Respondent cites People v. Scott (1997) 15 Cal.4th 1188 (Scott), to contend that defense counsel was not incompetent because he presented a motion that had little, if any, chance of being granted. Scott was a death penalty case in which the Supreme Court found that counsel was not incompetent for presenting a defense that the court assumed "was a forlorn hope." In reaching this conclusion the court stated: "Many defenses are hopeless, or nearly so. A defense attorney has to make do with the facts presented.

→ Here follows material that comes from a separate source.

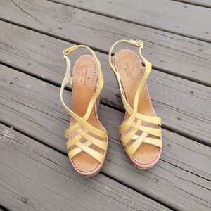 Kate Spade Lindsey Nude Leather Strappy Rainbow Espadrille Platform Sandals 7.5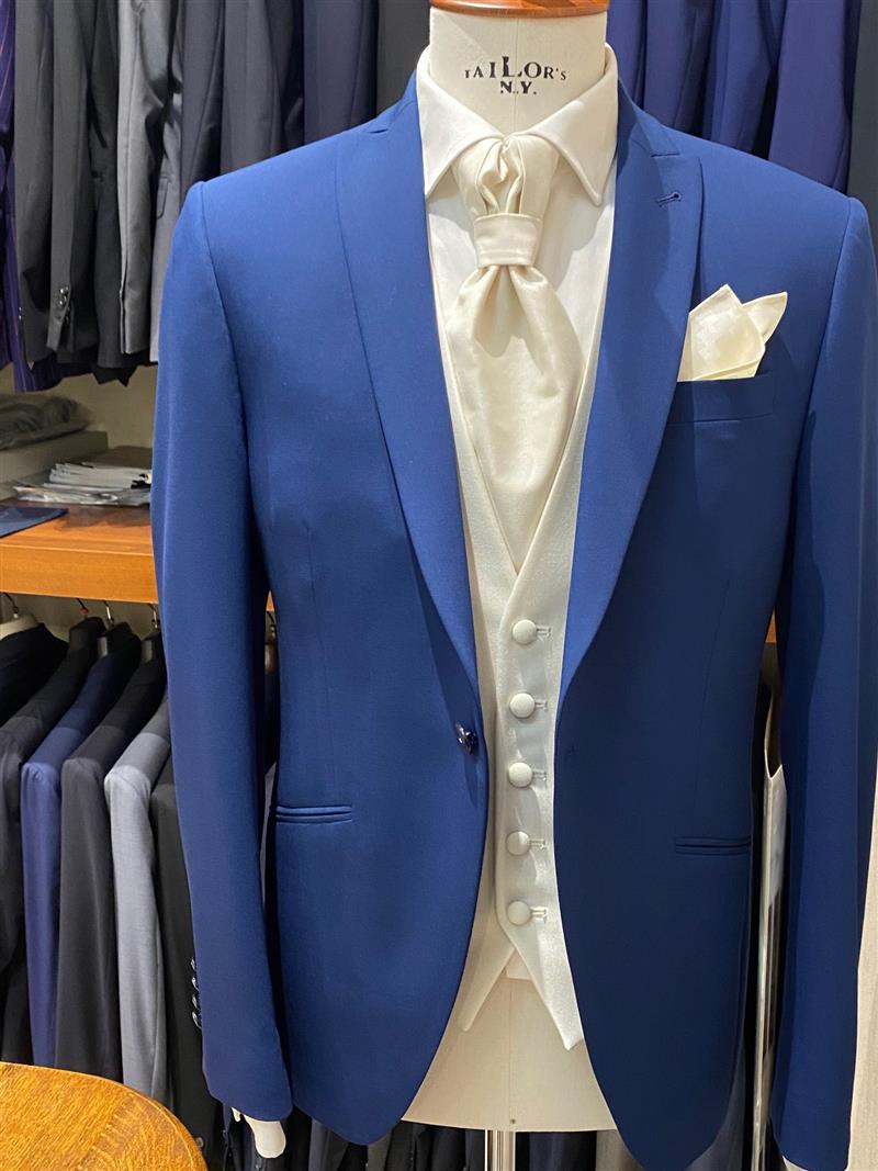 LeggiSplendido Abito Blu Napoli,1 bottone, Petto a lancia, 1 spacco centrale,

On this record, in light of defendant's confession, we cannot say counsel had a better alternative available." (Id. at p. 1215, italics added.) Scott is inapposite because here, defense counsel had a better alternative available: he could have advised Deltoro to accept the prosecution's proffered plea bargain. --------
In Alvernaz, the Supreme Court held that when counsel's deficient representation results in the defendant rejecting a plea offer, "[t]o establish prejudice, a defendant must prove there is a reasonable probability that, but for counsel's deficient performance, the defendant would have accepted the proffered plea bargain and that in turn it would have been approved by the trial court." (Alvernaz, supra, 2 Cal.4th at p. 937.)

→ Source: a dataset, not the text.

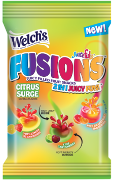 Ready to Taste the Ultimate Remix? Welch's® Fusions deliver a taste adventure where two delicious fruits come together in every piece – one flavor on the chewy fruit snack outside and another flavor in the juicy center! Fusions comes in 3 deliciously unique varieties: Original Fruits, Citrus Surge, and Tropical Tornado. Experience the FUSION in Every Bite!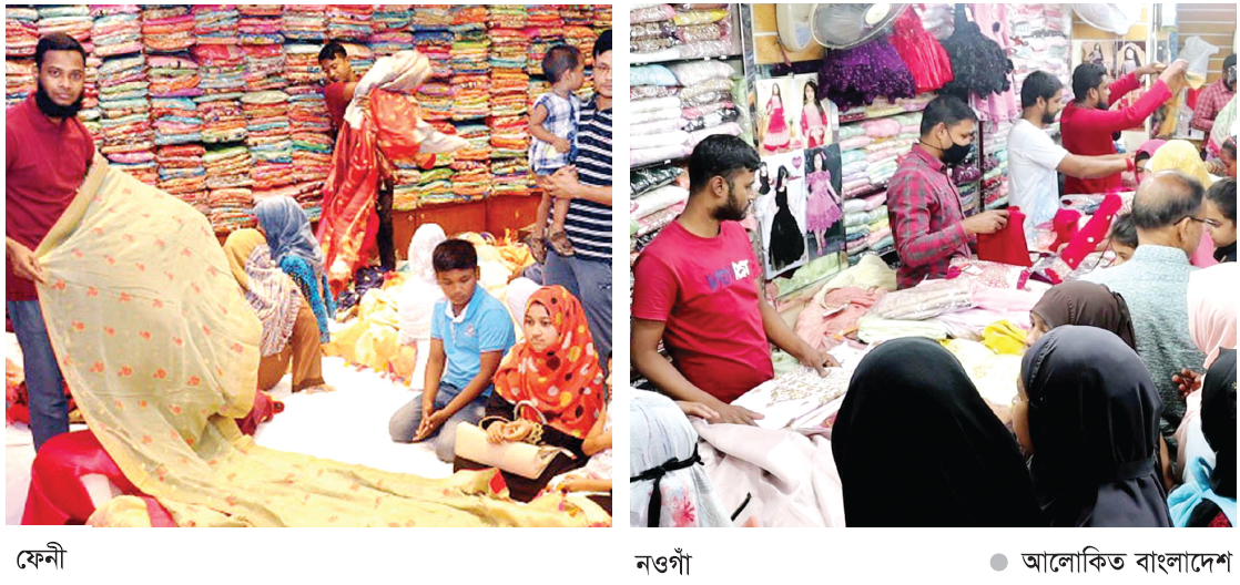 আসন্ন ঈদুল ফিতর উপলক্ষ্যে জেলা ও উপজেলার নামি-দামি ফ্যাশন হাউজ ও শপিংমলগুলোর পাশাপাশি মার্কেট ও ছোট বড় শপিং দোকানে বাড়ছে ক্রেতা সমাগম। দোকানগুলোতে দিনে ও রাতে উপচেপড়া ভিড় বাড়ছে। প্রতিনিধিদের পাঠানো খবর-

Since Deltoro did not have a prior record, his acceptance of the prosecutor's plea offer would have resulted in only one felony conviction on his record instead of two. It would also have limited his maximum exposure to four years instead of five years (§§ 4573.6, subd. (a), 4574, subd. (a), 1170(h), & 1170.1, subd. (a)) if he violated probation. In view of the foregoing, we find it is reasonably probable Deltoro would have accepted the prosecutor's plea offer if defense counsel had not erroneously advised him that the trial court had jurisdiction to reduce his convictions.

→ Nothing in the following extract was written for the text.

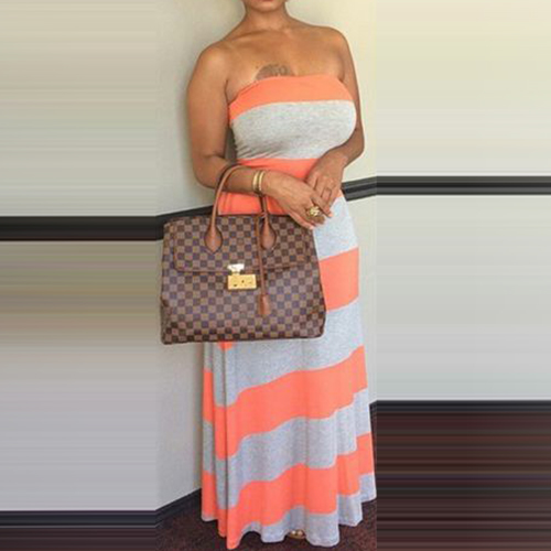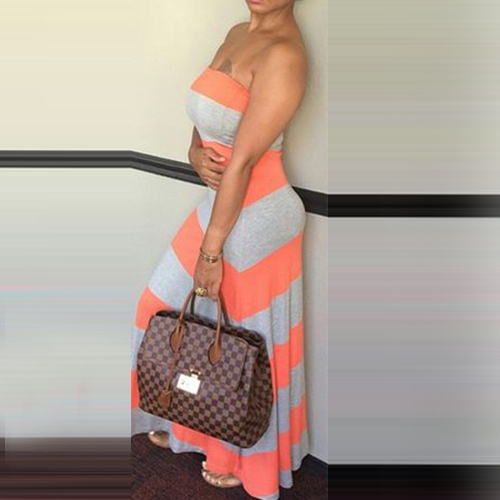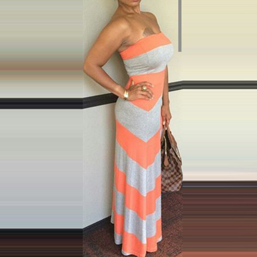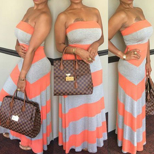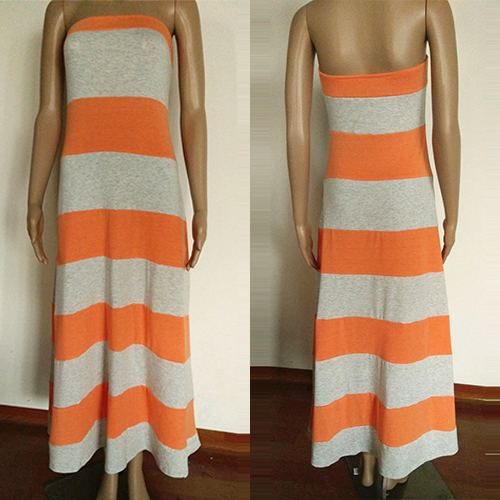 Strapless style,with striped design,sexy and charming. And its high waist and maxi length

Further, it can be inferred from Deltoro's lack of a prior record and the court's failure to express any reservations about the prosecutor's proffered plea bargain that the court would have approved of that agreement if Deltoro had accepted it. Thus, we conclude that Deltoro was denied the effective assistance of counsel in entering his plea.
DISPOSITION
The judgment is vacated and the case is remanded to the trial court. On remand, the district attorney may elect, within 30 days of the issuance of the remittitur, to: (1) submit the previously offered plea bargain to the trial court for its approval; or (2) set the case for trial and, if the district attorney so chooses, resume the plea negotiation process. If the district attorney chooses to submit the previously offered plea bargain to the court and the court approves the plea bargain, the judgment shall be modified consistent with the terms of the plea bargain and as so modified, reinstated. (People v. Alvernaz (1992) 2 Cal.4th 924, 944.)